■ **Exercise data**
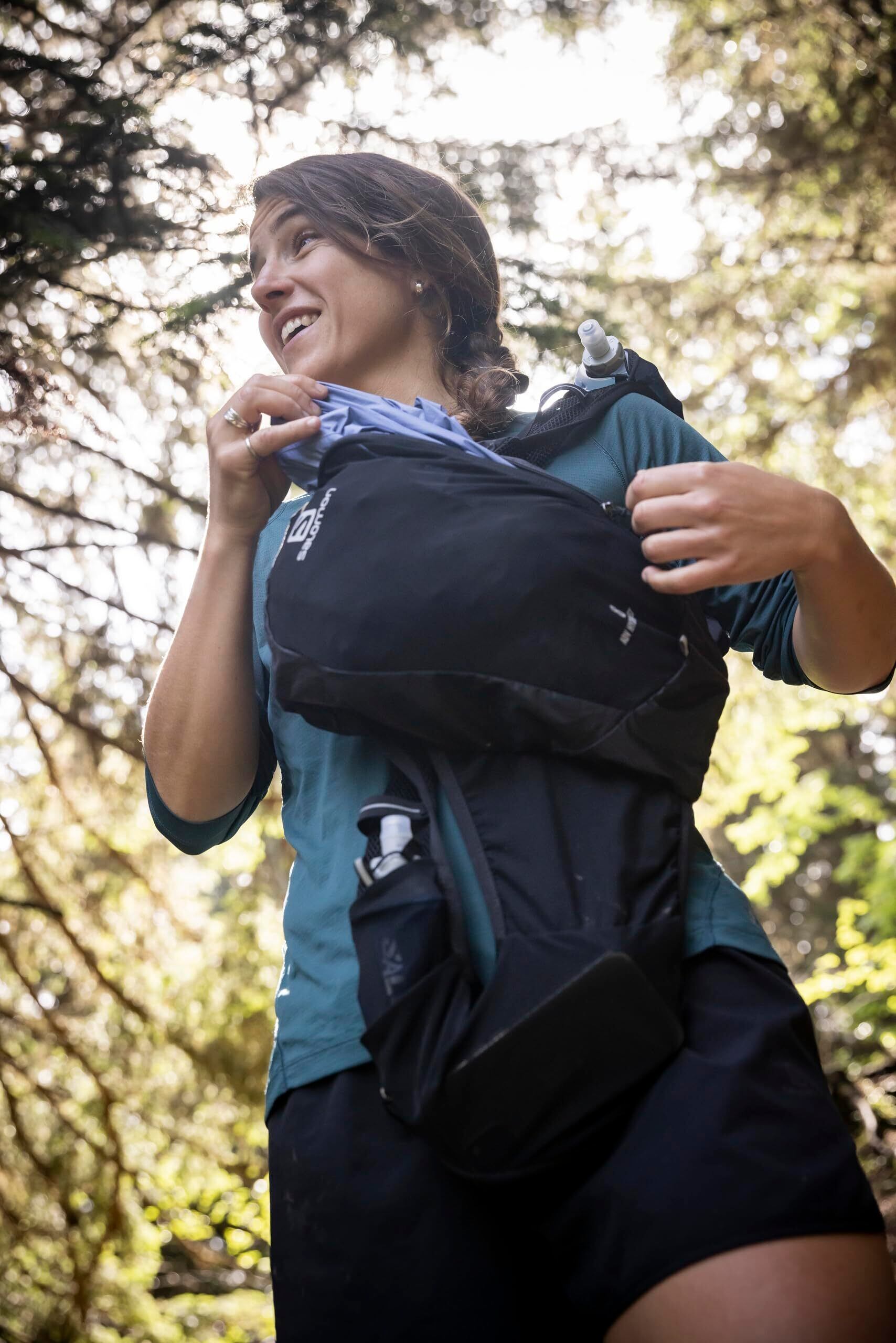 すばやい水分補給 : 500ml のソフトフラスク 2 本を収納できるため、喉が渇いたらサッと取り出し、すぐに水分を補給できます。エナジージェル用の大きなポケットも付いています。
...
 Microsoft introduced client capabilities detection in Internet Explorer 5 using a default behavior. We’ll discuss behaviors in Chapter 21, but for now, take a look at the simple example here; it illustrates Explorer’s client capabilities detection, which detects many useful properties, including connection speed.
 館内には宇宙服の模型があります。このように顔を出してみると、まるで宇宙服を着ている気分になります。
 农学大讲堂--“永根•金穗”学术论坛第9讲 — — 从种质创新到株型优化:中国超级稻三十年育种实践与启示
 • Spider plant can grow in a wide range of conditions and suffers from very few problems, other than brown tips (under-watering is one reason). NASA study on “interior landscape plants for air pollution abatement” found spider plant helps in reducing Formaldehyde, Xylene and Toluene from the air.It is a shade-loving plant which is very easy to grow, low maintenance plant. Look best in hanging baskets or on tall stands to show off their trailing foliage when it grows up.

■ **What the exercise asks**
Wherever the word "which" occurs in a line of the listing, copy that line.

■ **The completed task**
 Microsoft introduced client capabilities detection in Internet Explorer 5 using a default behavior. We’ll discuss behaviors in Chapter 21, but for now, take a look at the simple example here; it illustrates Explorer’s client capabilities detection, which detects many useful properties, including connection speed.
 • Spider plant can grow in a wide range of conditions and suffers from very few problems, other than brown tips (under-watering is one reason). NASA study on “interior landscape plants for air pollution abatement” found spider plant helps in reducing Formaldehyde, Xylene and Toluene from the air.It is a shade-loving plant which is very easy to grow, low maintenance plant. Look best in hanging baskets or on tall stands to show off their trailing foliage when it grows up.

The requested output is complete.